* [WORK TO COMPLETE]: Your copy should hold only the lines from the one with "O primeiro livro" to the one with "вища максимальна швидкість.", both included, each exactly as it stands below, with no pictures.

* [DATA TO EXAMINE]:
-------------------------

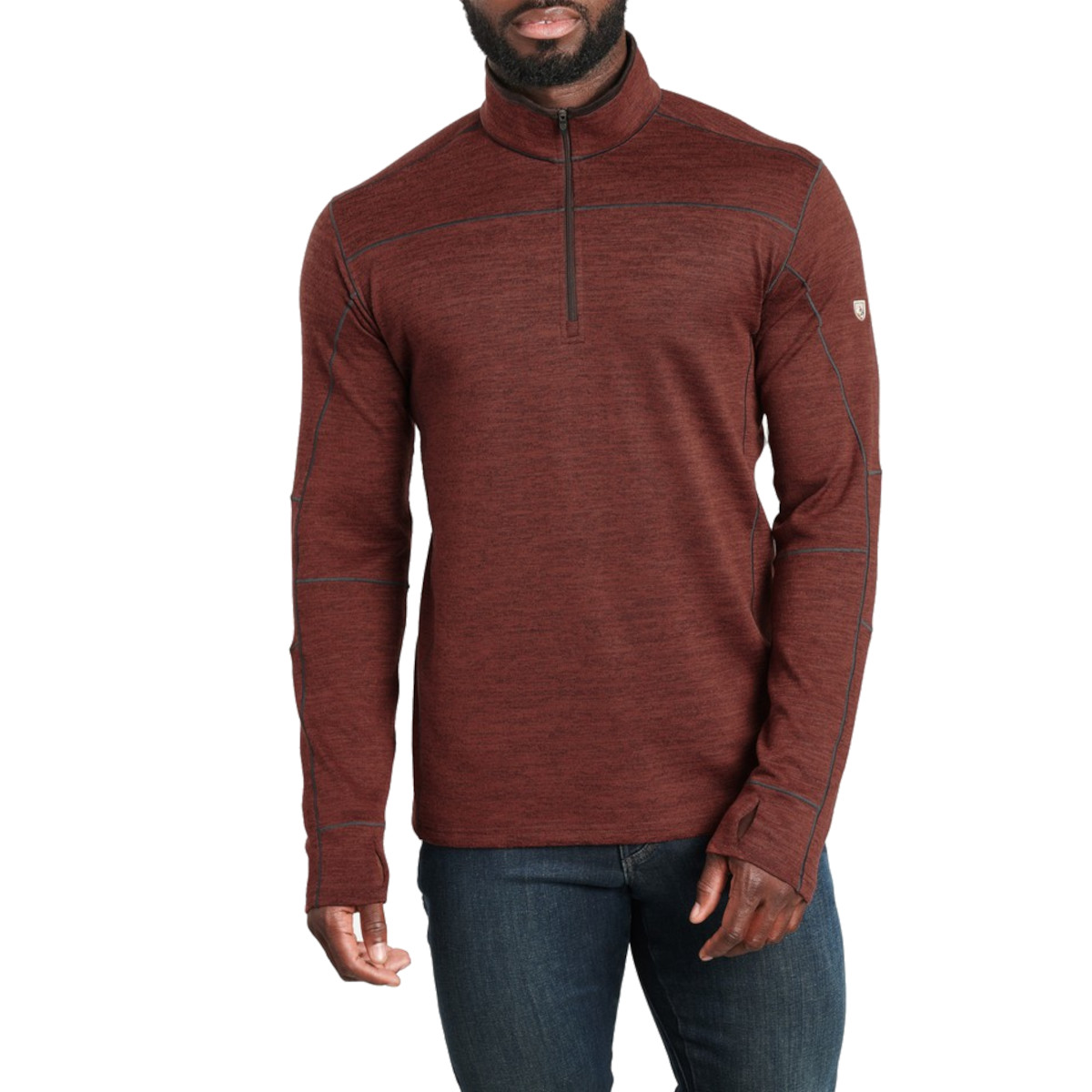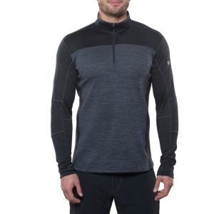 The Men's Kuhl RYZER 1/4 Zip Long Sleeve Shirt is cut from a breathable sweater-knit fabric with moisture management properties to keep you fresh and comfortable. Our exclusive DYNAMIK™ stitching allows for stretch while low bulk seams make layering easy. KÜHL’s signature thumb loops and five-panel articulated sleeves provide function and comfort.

-------------------------

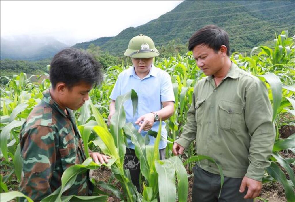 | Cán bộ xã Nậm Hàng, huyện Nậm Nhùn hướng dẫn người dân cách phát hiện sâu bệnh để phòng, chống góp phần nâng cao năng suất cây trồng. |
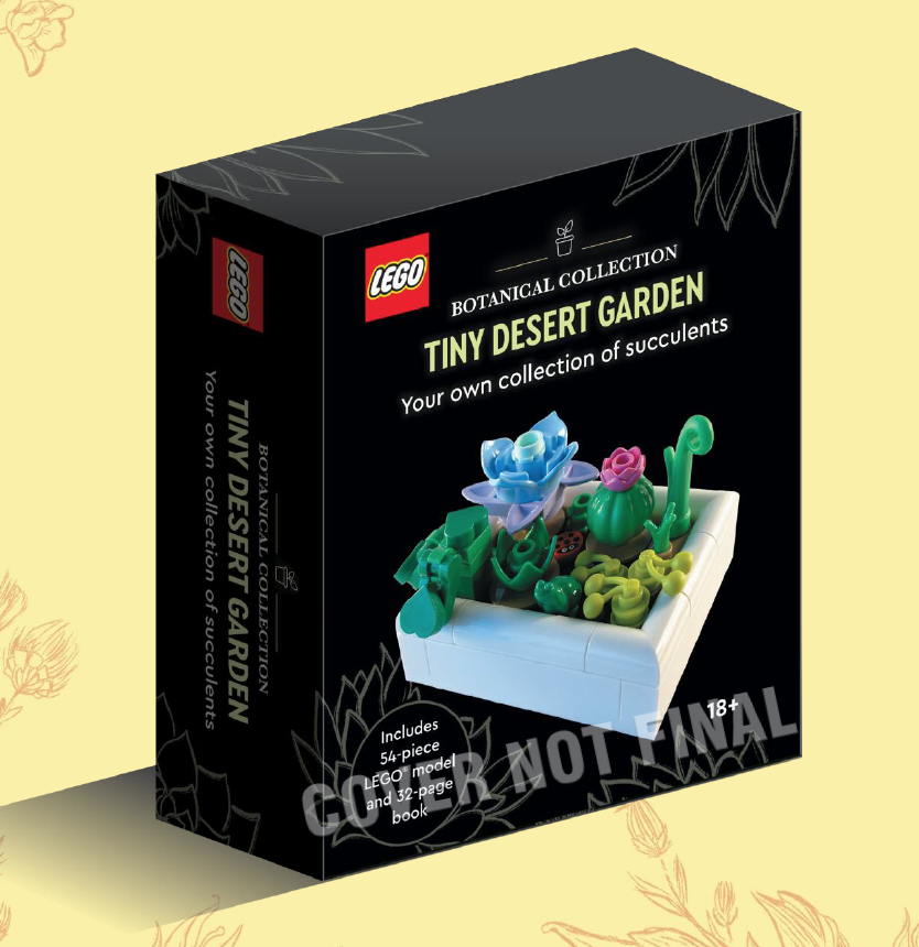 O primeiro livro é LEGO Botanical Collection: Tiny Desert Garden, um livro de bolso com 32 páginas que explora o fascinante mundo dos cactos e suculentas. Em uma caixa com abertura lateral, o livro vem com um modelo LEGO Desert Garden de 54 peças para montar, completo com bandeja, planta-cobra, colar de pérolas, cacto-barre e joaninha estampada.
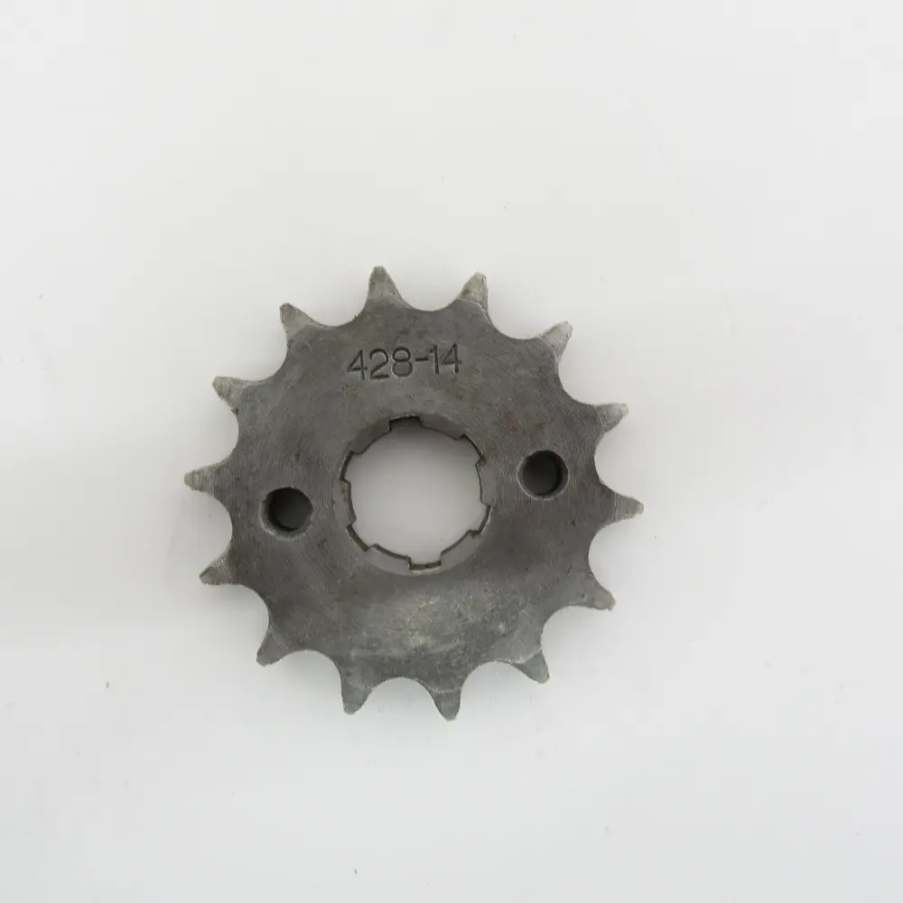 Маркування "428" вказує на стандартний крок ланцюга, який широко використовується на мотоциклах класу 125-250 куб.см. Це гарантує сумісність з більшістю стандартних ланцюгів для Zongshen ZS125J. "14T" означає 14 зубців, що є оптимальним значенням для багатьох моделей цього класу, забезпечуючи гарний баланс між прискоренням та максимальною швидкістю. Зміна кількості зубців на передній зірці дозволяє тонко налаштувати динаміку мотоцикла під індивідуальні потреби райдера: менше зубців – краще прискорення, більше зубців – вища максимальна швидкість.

-------------------------

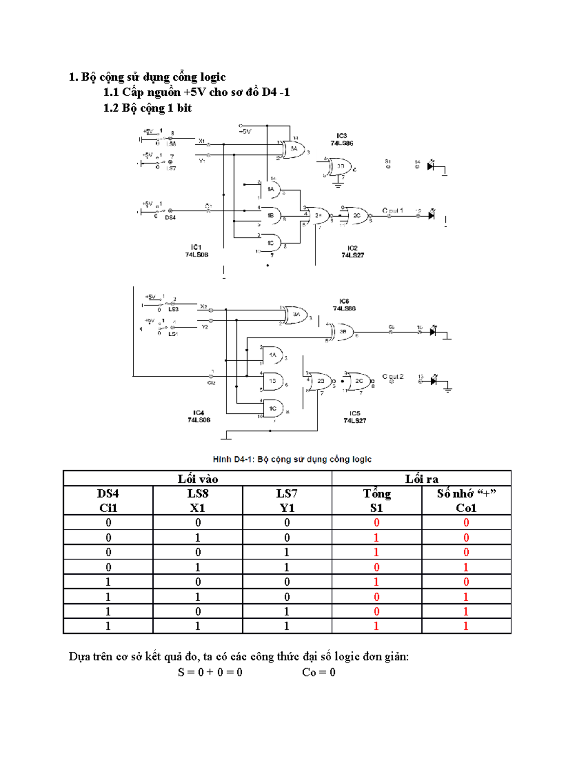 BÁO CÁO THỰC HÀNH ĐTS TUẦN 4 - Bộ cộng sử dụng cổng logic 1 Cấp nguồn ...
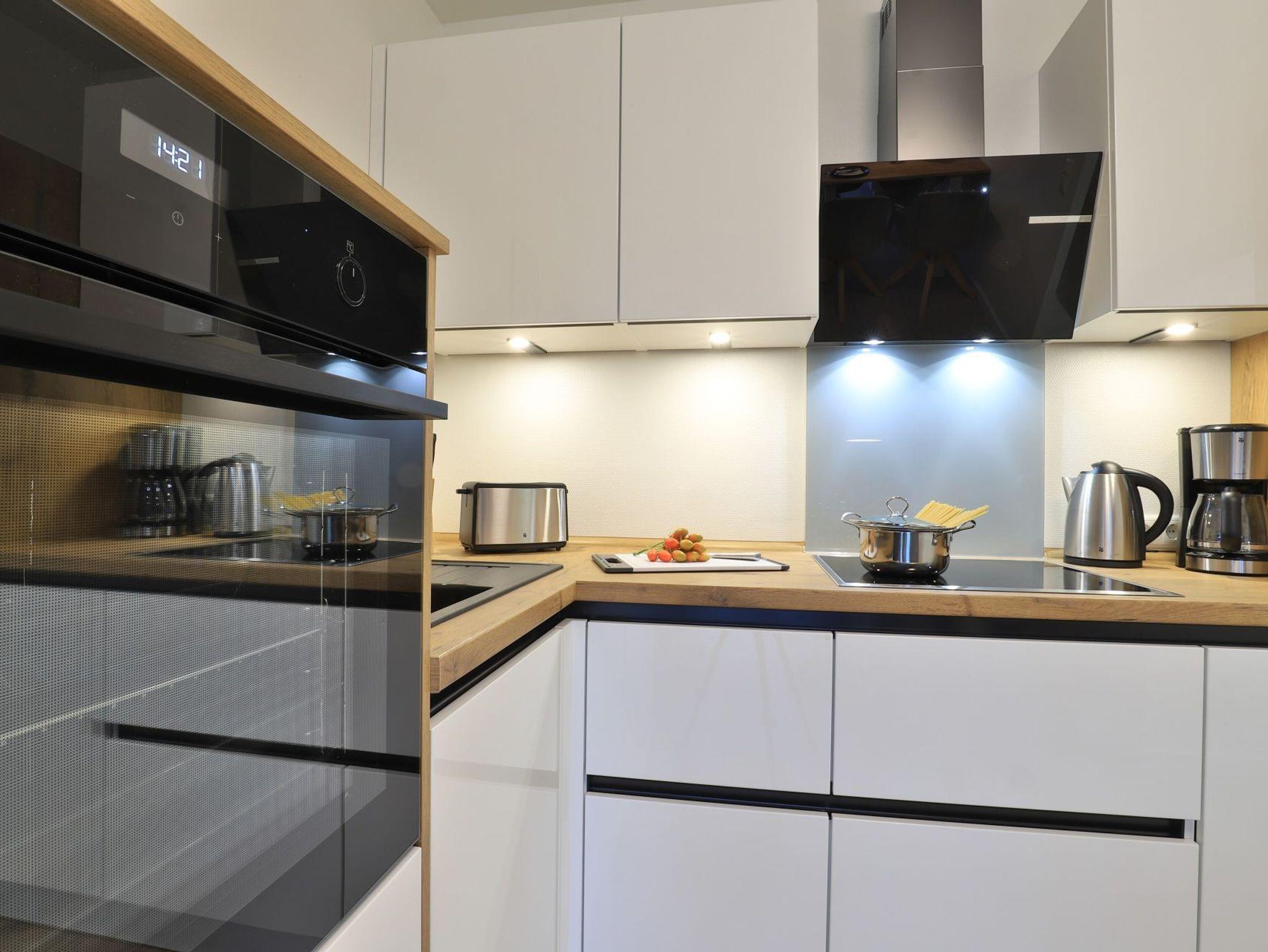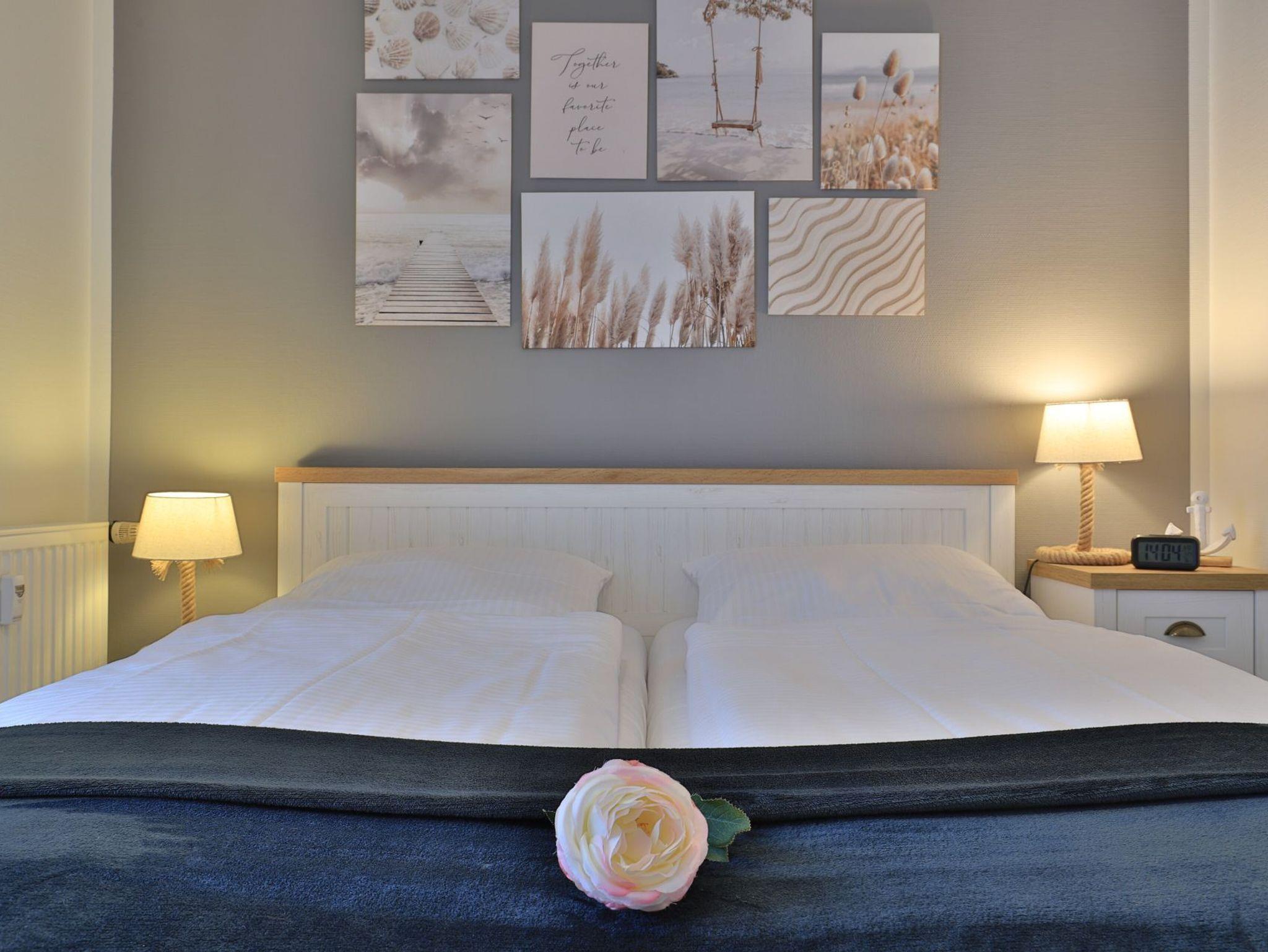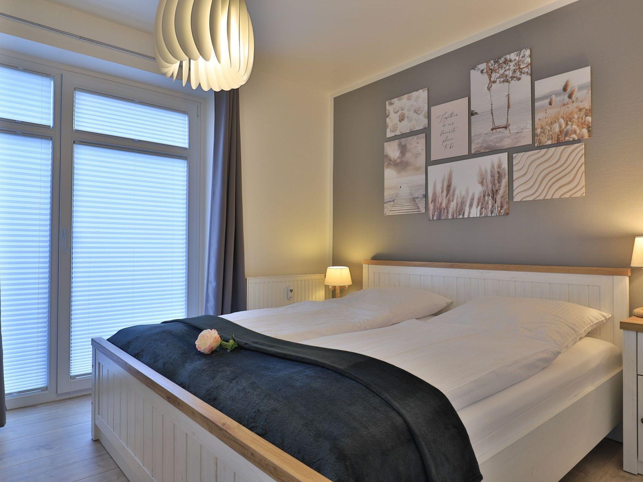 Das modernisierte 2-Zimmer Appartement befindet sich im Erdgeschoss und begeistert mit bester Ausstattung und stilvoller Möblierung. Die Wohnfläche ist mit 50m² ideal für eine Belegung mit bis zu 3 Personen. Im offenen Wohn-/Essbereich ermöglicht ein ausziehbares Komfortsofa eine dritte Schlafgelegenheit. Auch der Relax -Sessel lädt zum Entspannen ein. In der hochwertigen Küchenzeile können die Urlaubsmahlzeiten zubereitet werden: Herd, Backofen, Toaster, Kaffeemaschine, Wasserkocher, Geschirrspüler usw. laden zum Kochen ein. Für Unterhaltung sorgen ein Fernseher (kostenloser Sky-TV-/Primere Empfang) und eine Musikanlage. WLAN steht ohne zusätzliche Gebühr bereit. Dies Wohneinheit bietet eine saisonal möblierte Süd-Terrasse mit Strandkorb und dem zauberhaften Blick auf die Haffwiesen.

-------------------------

* [EXERCISE OUTPUT]:
 O primeiro livro é LEGO Botanical Collection: Tiny Desert Garden, um livro de bolso com 32 páginas que explora o fascinante mundo dos cactos e suculentas. Em uma caixa com abertura lateral, o livro vem com um modelo LEGO Desert Garden de 54 peças para montar, completo com bandeja, planta-cobra, colar de pérolas, cacto-barre e joaninha estampada.
 Маркування "428" вказує на стандартний крок ланцюга, який широко використовується на мотоциклах класу 125-250 куб.см. Це гарантує сумісність з більшістю стандартних ланцюгів для Zongshen ZS125J. "14T" означає 14 зубців, що є оптимальним значенням для багатьох моделей цього класу, забезпечуючи гарний баланс між прискоренням та максимальною швидкістю. Зміна кількості зубців на передній зірці дозволяє тонко налаштувати динаміку мотоцикла під індивідуальні потреби райдера: менше зубців – краще прискорення, більше зубців – вища максимальна швидкість.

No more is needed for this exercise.